Health and nutrition consequences. Changes in diet and physical activity have accelerated the rate of increase in obesity in the developing world. Trends in obesity are not limited to one region, country, or racial or ethnic group. In many cases, such as with women in Egypt and South Africa and across ages and sexes in Mexico, the lower- and middle-income countries have overweight levels that match those of the United States and exceed those of most European countries. Obesity levels are much higher in urban areas: in China and Indonesia adult obesity is twice as prevalent in urban areas as it is in rural areas; in the Congo it is almost six times as prevalent. The Middle East, the Western Pacific, and Latin America have far higher levels of obesity than other developing regions.

Higher-income populations in the developing world also have much higher levels of obesity. This relationship also held a century ago among European and North American populations, but the reverse is now true: the poor in Europe and North America experience far higher levels of obesity and diet-related chronic diseases than their rich counterparts. This reversal has occurred recently among urban Brazilian women and in Chile.

A range of changes in health have accompanied this nutrition transition. Most immediate among these seems to be the emerging epidemic of diabetes, stroke, and hypertension, all diet-related chronic diseases. The evidence from some Asian and Latin American countries is particularly worrying. The economic costs of diet-related noncommunicable diseases in fact have surpassed the cost of malnutrition in China.

A unique issue emerging from this transition is the increasingly frequent double burden of undernutrition and obesity in the same household. The prevalence of households with both overweight and underweight members in Brazil, for example, is 11 percent.

WHERE DO WE GO FROM HERE?

How can the food policy and public health communities, already burdened by the challenges of poverty, undernutrition, and underdevelopment, deal with the seemingly contradictory goal of promoting both greater and lesser food intake? How can they address the prevention of obesity when they focus on undernutrition and poverty?

Part of the answer lies in finding solutions common to both undernutrition and overnutrition and promoting them through education and more direct interventions. Promulgating nutrient-dense fruits and vegetables, for example, would reduce caloric intake and improve micronutrient status. Another such solution is breast-feeding, which offers food rich in nutrients and reduces obesity and coronary heart disease.

Policymakers must also take direct action to reduce obesity at all age levels. Few large-scale efforts have done this successfully, though Scandinavian countries did change their diets and reduce coronary heart disease between 1976 and the 1980s. To do so, the Scandinavians focused on price and other policies, such as fish subsidies, to encourage healthier diets. During the 1990s Singapore reduced child obesity through a combination of changes in school diet and increased fitness and physical activity programming.
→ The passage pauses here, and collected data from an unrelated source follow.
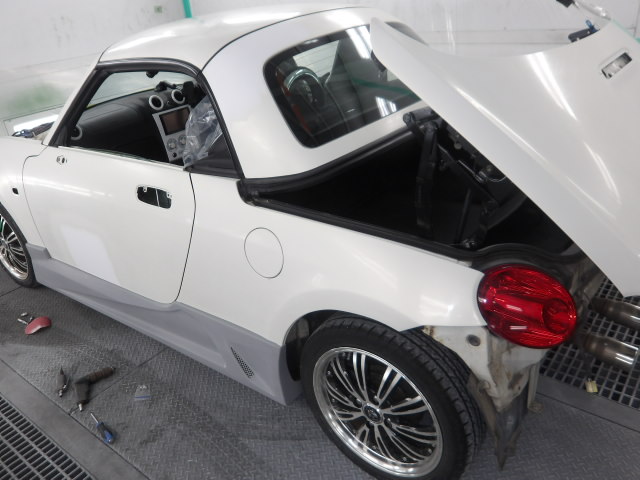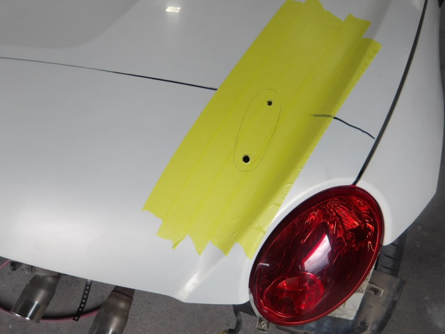 入庫をした車はコペン。もちろんセリカの純正ウィングはコペンには合わないので、ウィングの取り付け位置をマークして穴を開けました。
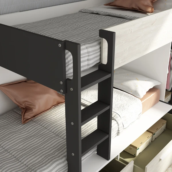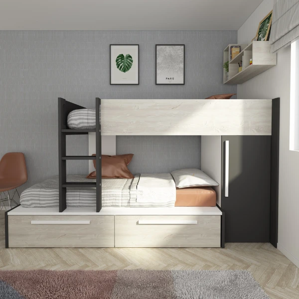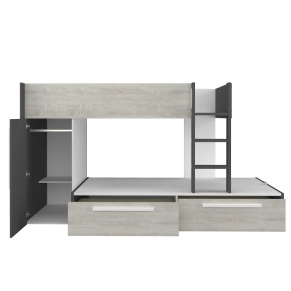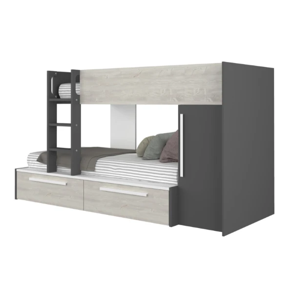 Stapelbed Fleur geeft je de mogelijkheid de ruimte in jouw logeerkamer of gedeelde kinderkamer optimaal te benutten. Door zijn neutrale kleur past het bed in zowel een jongens- als meisjeskamer en trekt het niet te veel de aandacht. Het stapelbed biedt plaats voorย 2 matrassen van 90×200 cm. Deze matrassen zijnย niet inbegrepenย en kunnen aangekocht worden op onze website. Het bed beschikt over twee lades en een kledingkast met kledingroede. Stapelbed Fleur is gemaakt vanย spaanplaatย en werd afgewerkt inย hoogwaardig melamine. Om ongelukken te vermijden is het laddertje voorzien van gebogen handgrepen en anti-slipstroken.ย
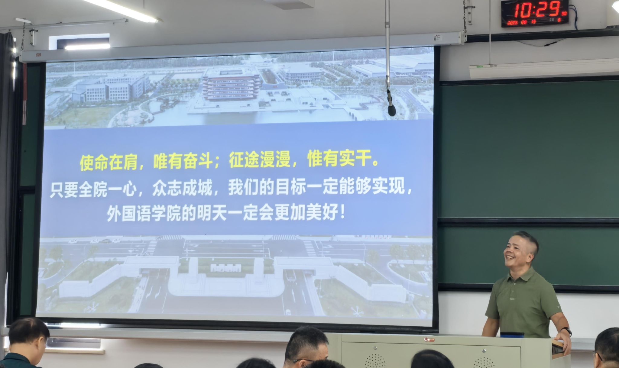 9月13日上午,Hitomi 在兴德楼南楼205教室举行秋季学期全体教职工大会暨“教师开学第一课”。会议由院长唐艳芳主持,学院党政班子成员及全体教职工参加。
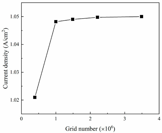 To verify the independence of the computational grids used in the numerical simulation, current densities were calculated for four distinct grid configurations at a voltage of 0.6 V. The results are presented in Figure 2. When the grid numbers were 2.2 million and 3.5 million, respectively, the relative error in the calculated current density at 0.6 V was below 0.01%. To balance computational accuracy and efficiency, the computational models in this study employed a grid count of 2.2 million.
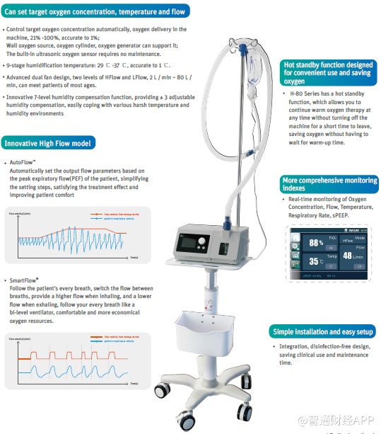 据悉,首批分销合作机型为新冠疫情下急缺的机型——BMC H-80系列高流量湿化氧疗仪。该机型可提供最高80L/min的空氧混合气体,吸入氧浓度可自动设置,提供独家专利的AutoFlow功能,SmartFlow功能。
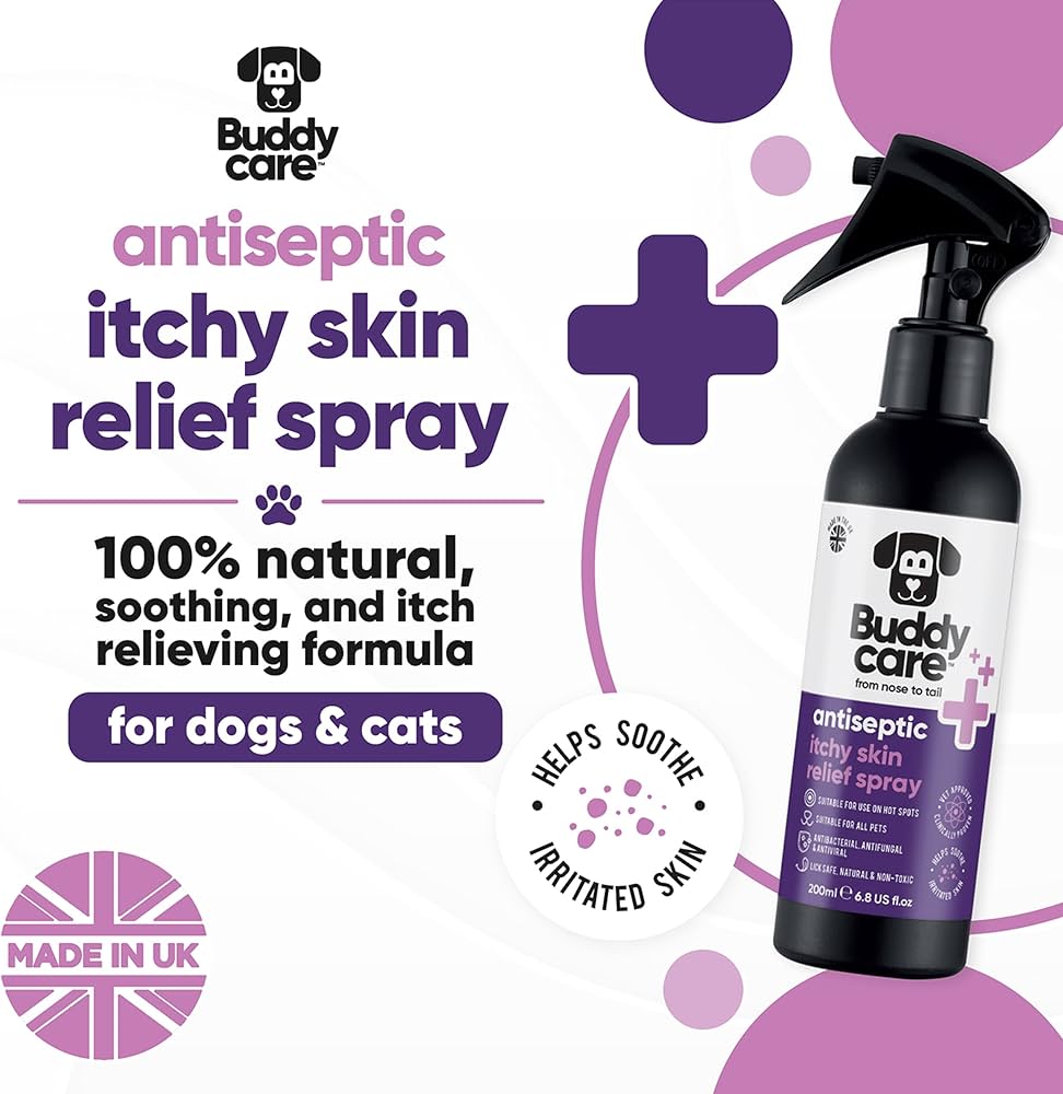 Give your furry friend the relief they deserve with Buddycare's Antiseptic Itchy Skin Relief Spray for Dogs. Our expertly formulated spray provides immediate relief from itching, hot spots, and skin irritations, promoting a healthier, happier pet.
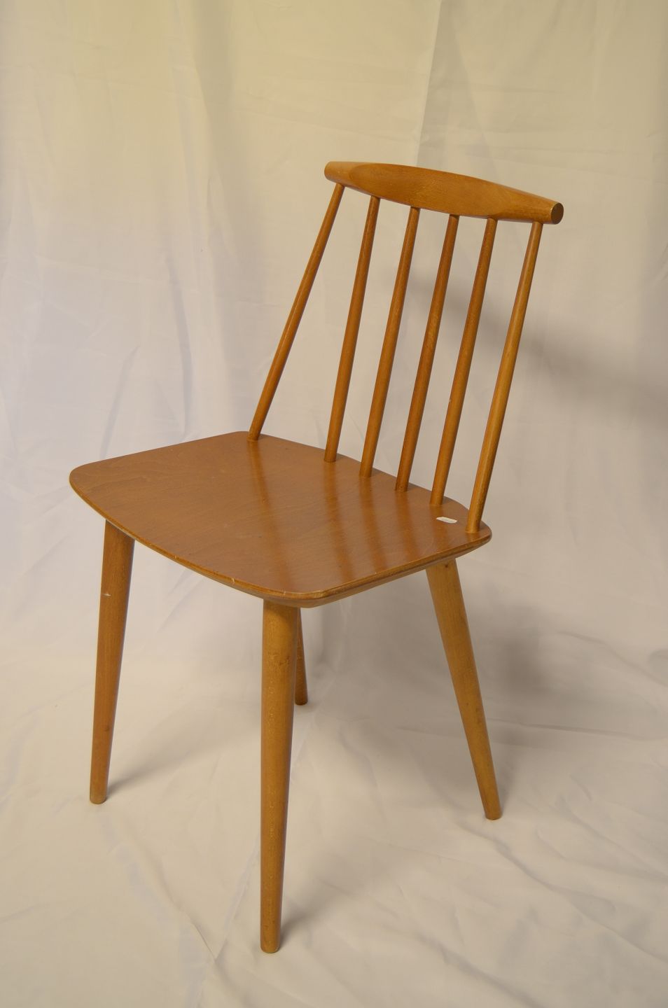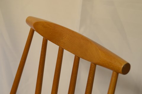 Spisebordsstol i lakeret træ. Stolen er velholdt og har en fin detalje ved ryglænets topstykke. Pris: 400 kr.

A major first step toward a healthier population is awareness of the problems related to the nutrition transition. Many developing countries are realizing the importance of this issue. They must continue their efforts and develop programs and policies for agricultural production, nutrition, food marketing, and education that will help them to successfully confront the nutrition transition and achieve sustainable food and nutrition security.

For further reading see Barry Popkin, “The Nutrition Transition and Its Health Implications in Lower Income Countries,” Public Health Nutrition 1 (1998): 5-21; and Barry Popkin, “Urbanization, Lifestyle Changes and the Nutrition Transition,” World Development 27 (1999): 1905-16.